Sunday August 3 2014

Woman who beat Museveni security yet to get help

Ms Shamisa Nanyonga stresses a point in Kampala

Ms Shamisa Nanyonga stresses a point in Kampala recently. She says government officials are reluctant to help her get compensation for the role her father Twaha Kayanja played in the NRA’s liberation war. PHOTO BY RACHEL MABALA 

By Ivan Okuda

On July 21, 2013, slightly more than a year ago, a little known Shamisa Nanyonga hit headlines for beating President Museveni’s security detail to access the head of state.

From nowhere, she was at the President’s feet, armed with a pile of documents and frantically pleading with him.

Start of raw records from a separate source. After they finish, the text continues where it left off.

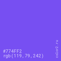 Цвет #774FF2 в цветовой модели RGB обозначается тремя октетами (119, 79, 242) в десятичном формате и #774FF2 в шестнадцатиричном (hex) формате, которые являются интенсивностью красного 119 (hex 77), интенсивность зелёного 79 (hex 4F) и интенсивность синего 242 (hex F2).
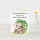 Compartilhe seus parabéns sinceros e dê as boas vindas ao novo bebê com nosso adorável cartão de saudação de Sloth da Mãe e Bebê, neutro em sexo! Com uma doce mãe de preguiça com bebê, folhas tropicais e corações brancos na frente, personalizável com o nome do bebê, esta carta é a forma perfeita de celebrar a nova chegada. Nas costas, desfrute de um charmoso padrão tropical. Com dentro de espaço para sua própria mensagem pessoal, é uma adição cuidadosa e bonitinha a qualquer presente de boas-vindas ou decoração infantil.
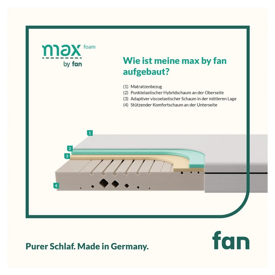 Wer morgens mit Rückenschmerzen aufwacht oder nachts ständig die Schlafposition wechseln muss, weiß: Eine gute Matratze macht den Unterschied. Die max foam Matratze passt sich flexibel an – ganz gleich, ob Sie auf dem Rücken, der Seite oder dem Bauch schlafen. Der punktelastische Hybridschaum sorgt für angenehme Druckentlastung, die viscoelastische Schicht für spürbare Anpassung – auch bei mehr Gewicht. Im Inneren stützt ein 5-Zonen-Kern gezielt dort, wo Ihr Körper es braucht. Einfaches Handling, ein Umdrehen von Ober- auf Unterseite ist nicht nötig sowie praktisch im Alltag: Der Bezug ist teilbar, leicht abnehmbar und bei 60 °C waschbar – ideal für alle, die auf Hygiene achten.

The President, who was in the company of his younger brother Gen Salim Saleh and other government officials, directed a senior army officer to sort out her grievance. but that is where it all stopped.

Legendary poet Maya Angelou (RIP) wrote with epic passion about the phenomenal woman, delving into the inner mystery of an extraordinary woman. That trade mark, for Ms Nanyonga comes with a tad of resilience and faith, the kind that gets you hanging on the thinnest thread of optimism, in the hope that one day, lady lucky will smile upon her.
Her family has desperately sought compensation from government for a quarter a century. They have been to every office, gotten a signature from whoever matters and spoken to the high and low cadres in the corridors of power.

Museveni response
When Nanyonga fell at Mr Museveni’s feet, her message, however, seemed to have come out genuine, clear and tickled the President’s heart of hearts. He instantly directed Brig Proscovia Nalweyiso to handle her grievance. Since then, however, Nanyonga and family have returned to square one. She claims Brig Nalweyiso has since “stubbornly cut communication” with her on the issue.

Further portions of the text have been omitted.